Please copy exactly the line containing "very long hair, black" and every line after it, through the last line of the records below, leaving out all pictures.

(Task data)

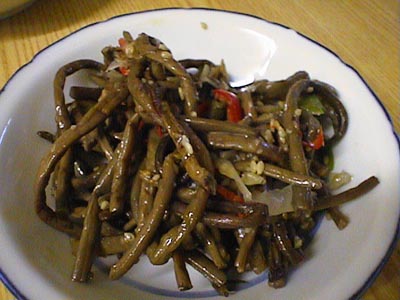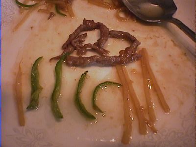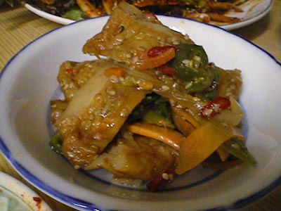 - 唐辛子は大陸のものではなく、普通の乾燥唐辛子であった。辛めにお願いしたが、出て来た物はたいした辛さではなかった。まぁこれは予想できたことである。たいして辛くはなかったけど、唐辛子の香りは良かった。おそらく炒めるときは、唐辛子を多めにいれていたのだろうと思うが、皿に盛るときに除いてるものと思われる。辛めにといったので、少々唐辛子が入っていた。おそらくなにもいわなければ全て除かれたのかもしれない。もっともカラメルで調理していないので、たくさん唐辛子が入ってても、辛すぎて食えないであろうから、抜いてもらっていいと思った。
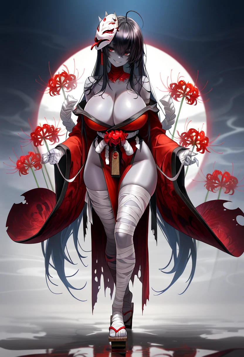 very long hair, black hair, ahoge, red eyes, hair over one eye, huge breasts, off shoulder kimono, red kimono, black trim, torn kimono, bandaged arm, cleavage, grey skin, sinister smile, mask on head,
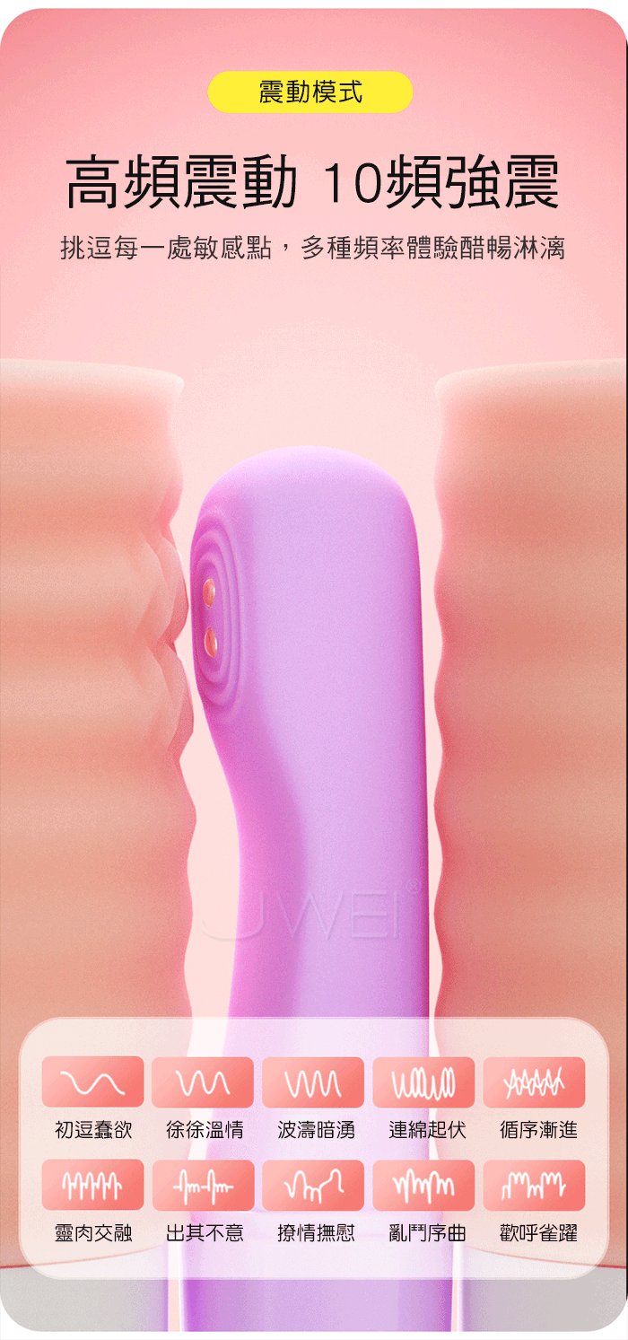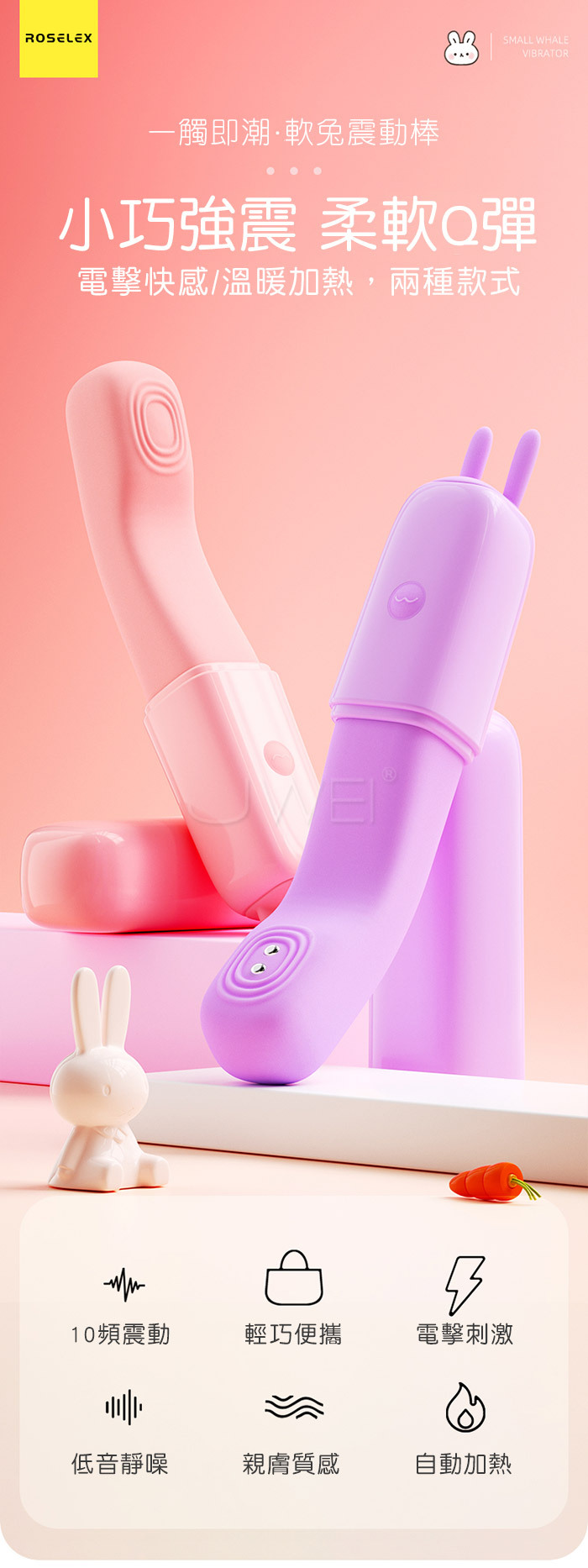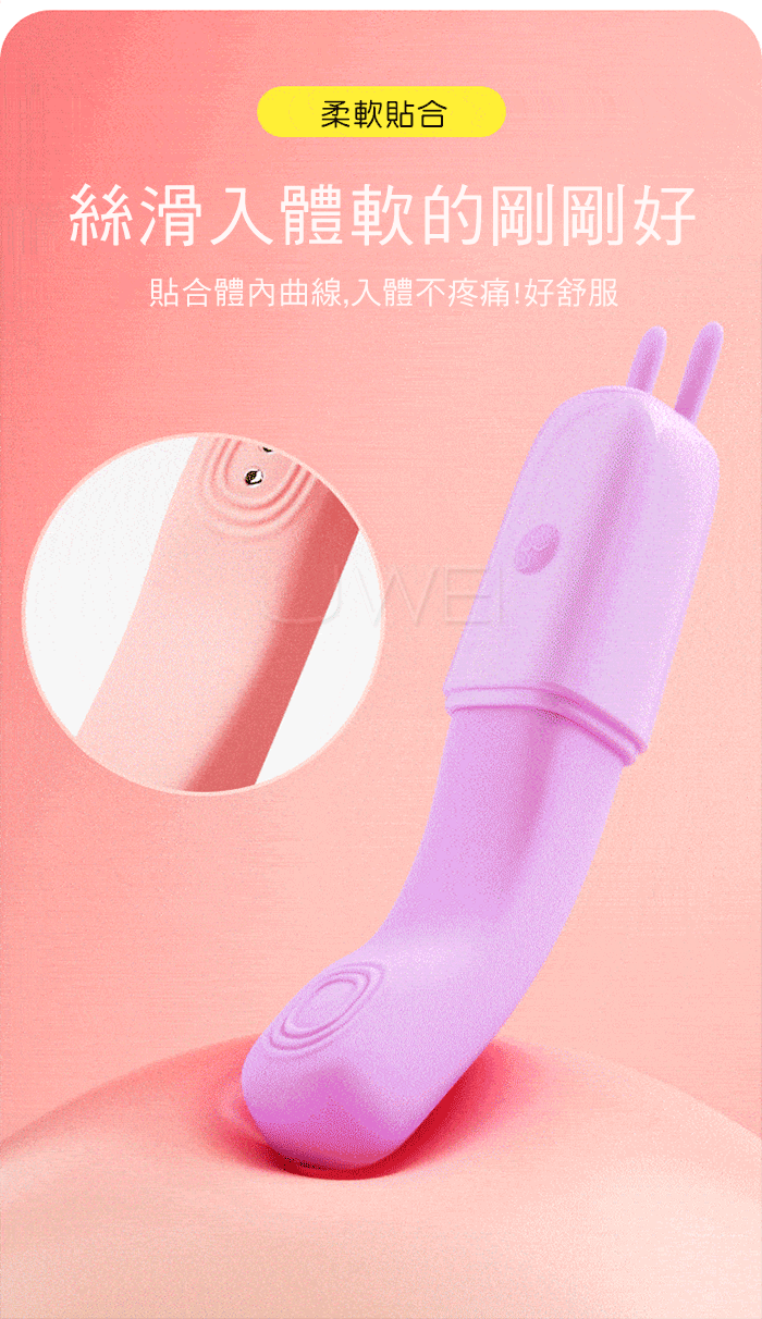一觸即潮,軟兔震動棒,小巧強震,柔軟Q彈;電擊高潮,電擊強度自 由調節,低頻電流,敏感部位在電流刺激下酥酥麻麻,不由自主收縮震 顫,刺激更強烈;高頻10頻震動,挑逗每一處敏感點,多種頻率體驗 醋暢淋漓;輕巧便攜,調情玩法,令人雀躍的情趣擔當,如尋寶般觸及 每個敏感點,酥麻感遍布全身;親膚質感,柔軟貼合,絲滑入體軟的剛 剛好, 貼合體內曲線,入體不疼痛,好舒服!
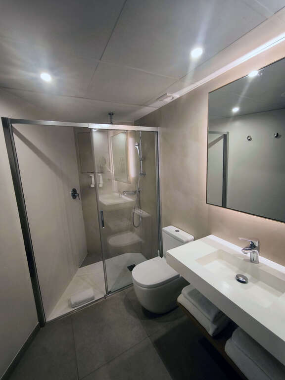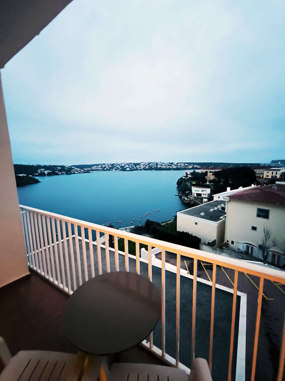 2 camas individuales (0,90 x 2 m). Espacio luminoso y cómodo con balcón al mar. Ideal para relajarse contemplando la Isla del Rey y el Puerto de Mahón.
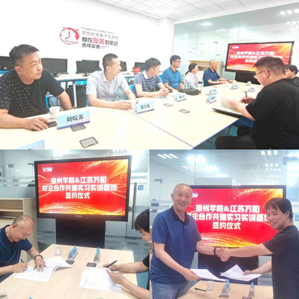 6月16日下午,考察组一行首先来到了位于南京的江苏万和系统工程有限公司,受到了总经理余志勇、业务经理李洪武、教学副总监许宏俊的热烈欢迎。江苏万和系统工程有限公司是从事软件系统开发和教育认证培训的IT企业,是华为技术有限公司的生态圈战略合作企业。校企双方就实习实训、课程嵌入、师资培训、华为认证培训、大学生创新创业俱乐部等方面进行了交流并达成一致意见。随后,校企双方代表签署了专业实习实训基地共建协议,宋院长代表学院对江苏万和系统工程有限公司进行“网络工程专业实习实训基地”授牌。
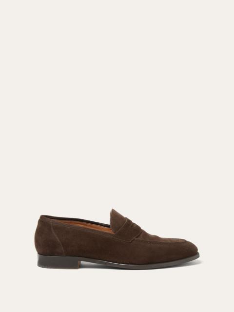Fusing style with heritage, the iconic Sergio loafers are inspired by Sergio Loro Piana’s personal collection. They are crafted using the closed-channel Blake method—named after the sewing machine—whereby the sole, lining, upper, and insole are joined with a single seam, for a flexible and durable finish. The vamp is worked using Adler workmanship, a double-stitch technique which creates an elegant relief effect. Classic and characterful, the moccasin profile is finished with a distinct band, which is reminiscent of 1970s looks that were dear to Sergio. Product details Topstitching Stud detailing Leather sole Calf lining Composition: 100% Calfskin Made in Italy Product code: FAO9641
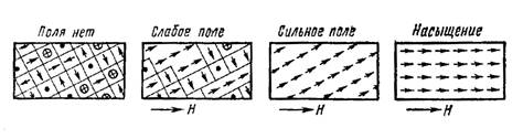 52) Рис. 9.3.Схема ориентации спинов в доменах при намагничивании ферромагнетика
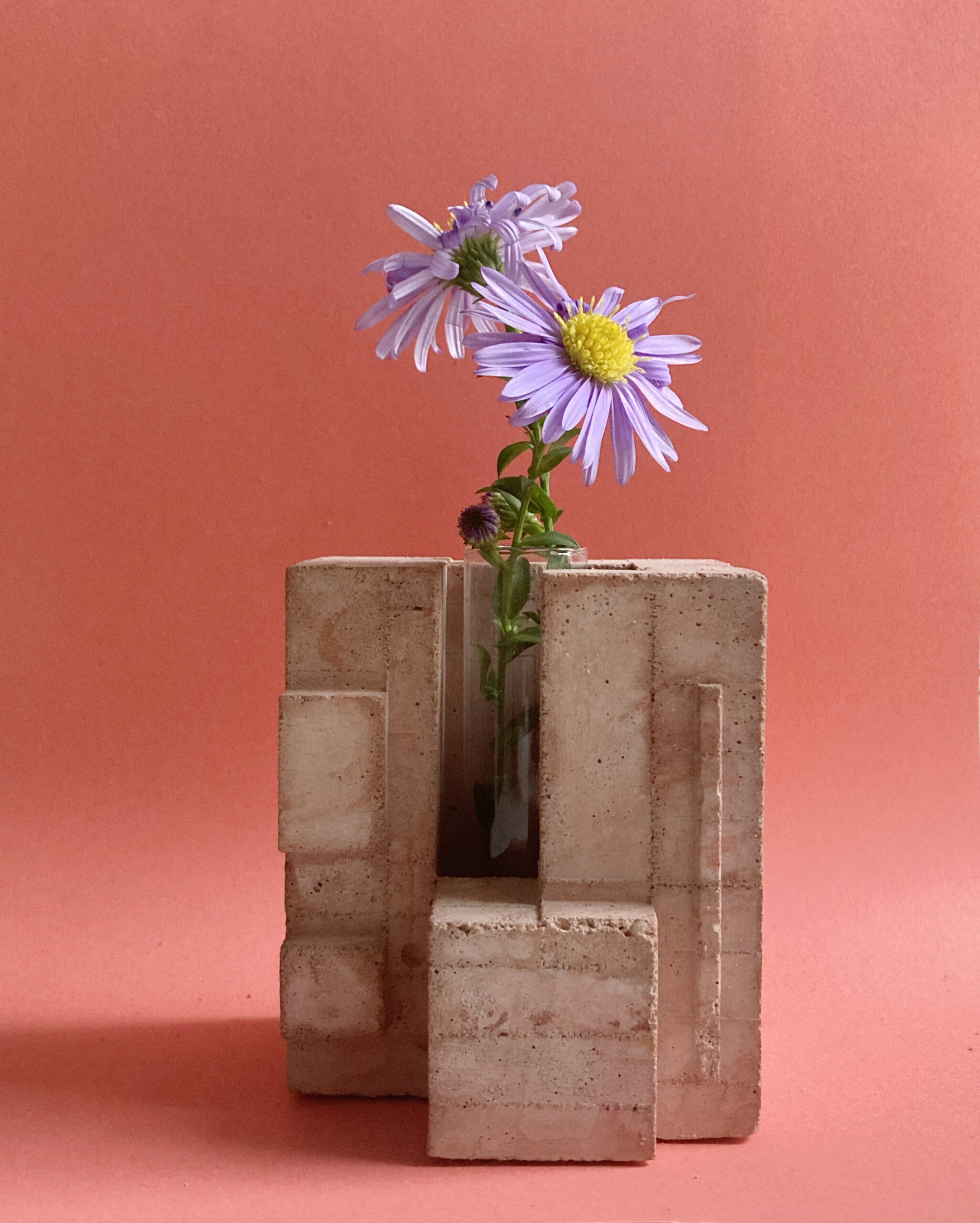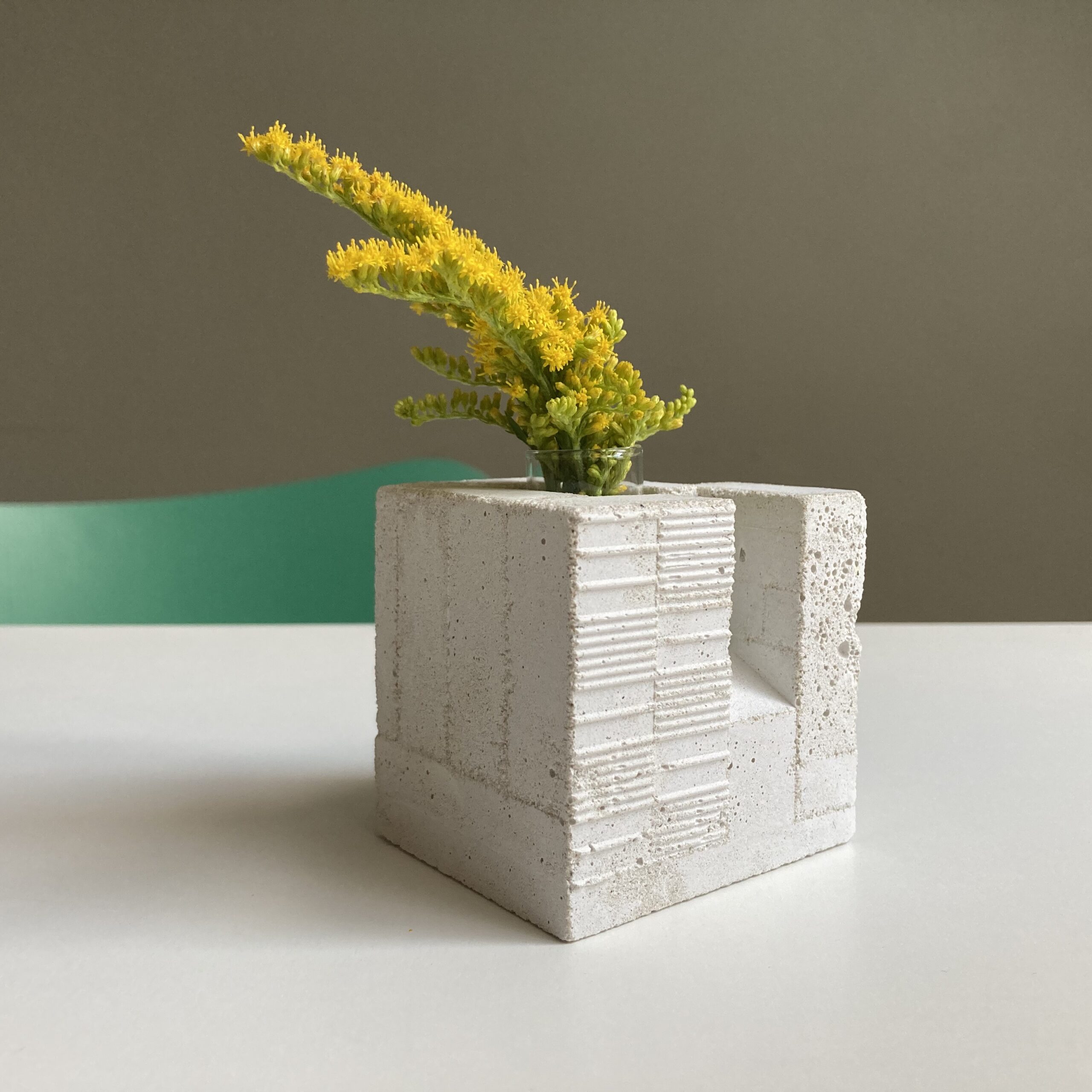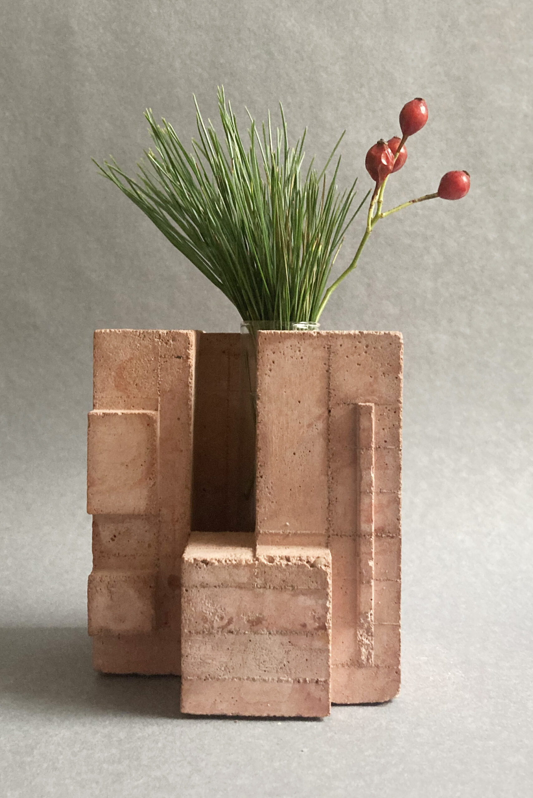Das Räucherhaus aus Beton ist auf der Basis von Steckbausteinen entstanden. Durch die Steine ermöglichte es mir in einem System zu arbeiten – somit kann man die Häuser auch stapeln und den Räucherturm verlängern. Nachdem die Weihnachtszeit vorbei ist kann man das Haus einfach umdrehen und durch das Reagenzglas zu einer Vase umfunktionieren.
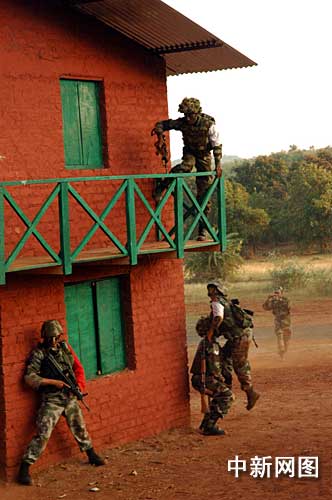正在印度貝爾高姆舉行的“攜手—二00八”中印陸軍反恐聯(lián)合訓(xùn)練十一日進(jìn)入第三階段。中新社記者 孫宇挺 攝
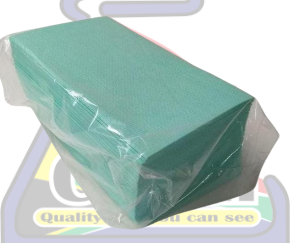 A pack of 50 Blue, Green or Pink, general purpose spunlace cloths. This cloth is a disposable cloth that is used on different surfaces such as counter tops. This cloth can also be used to wash dishes. The cloth size of the cloth is 38cm x 30cm.

(End Task data)

Exercise result |
 very long hair, black hair, ahoge, red eyes, hair over one eye, huge breasts, off shoulder kimono, red kimono, black trim, torn kimono, bandaged arm, cleavage, grey skin, sinister smile, mask on head,
一觸即潮,軟兔震動棒,小巧強震,柔軟Q彈;電擊高潮,電擊強度自 由調節,低頻電流,敏感部位在電流刺激下酥酥麻麻,不由自主收縮震 顫,刺激更強烈;高頻10頻震動,挑逗每一處敏感點,多種頻率體驗 醋暢淋漓;輕巧便攜,調情玩法,令人雀躍的情趣擔當,如尋寶般觸及 每個敏感點,酥麻感遍布全身;親膚質感,柔軟貼合,絲滑入體軟的剛 剛好, 貼合體內曲線,入體不疼痛,好舒服!
 2 camas individuales (0,90 x 2 m). Espacio luminoso y cómodo con balcón al mar. Ideal para relajarse contemplando la Isla del Rey y el Puerto de Mahón.
 6月16日下午,考察组一行首先来到了位于南京的江苏万和系统工程有限公司,受到了总经理余志勇、业务经理李洪武、教学副总监许宏俊的热烈欢迎。江苏万和系统工程有限公司是从事软件系统开发和教育认证培训的IT企业,是华为技术有限公司的生态圈战略合作企业。校企双方就实习实训、课程嵌入、师资培训、华为认证培训、大学生创新创业俱乐部等方面进行了交流并达成一致意见。随后,校企双方代表签署了专业实习实训基地共建协议,宋院长代表学院对江苏万和系统工程有限公司进行“网络工程专业实习实训基地”授牌。
Fusing style with heritage, the iconic Sergio loafers are inspired by Sergio Loro Piana’s personal collection. They are crafted using the closed-channel Blake method—named after the sewing machine—whereby the sole, lining, upper, and insole are joined with a single seam, for a flexible and durable finish. The vamp is worked using Adler workmanship, a double-stitch technique which creates an elegant relief effect. Classic and characterful, the moccasin profile is finished with a distinct band, which is reminiscent of 1970s looks that were dear to Sergio. Product details Topstitching Stud detailing Leather sole Calf lining Composition: 100% Calfskin Made in Italy Product code: FAO9641
 52) Рис. 9.3.Схема ориентации спинов в доменах при намагничивании ферромагнетика
Das Räucherhaus aus Beton ist auf der Basis von Steckbausteinen entstanden. Durch die Steine ermöglichte es mir in einem System zu arbeiten – somit kann man die Häuser auch stapeln und den Räucherturm verlängern. Nachdem die Weihnachtszeit vorbei ist kann man das Haus einfach umdrehen und durch das Reagenzglas zu einer Vase umfunktionieren.
正在印度貝爾高姆舉行的“攜手—二00八”中印陸軍反恐聯(lián)合訓(xùn)練十一日進(jìn)入第三階段。中新社記者 孫宇挺 攝
 A pack of 50 Blue, Green or Pink, general purpose spunlace cloths. This cloth is a disposable cloth that is used on different surfaces such as counter tops. This cloth can also be used to wash dishes. The cloth size of the cloth is 38cm x 30cm.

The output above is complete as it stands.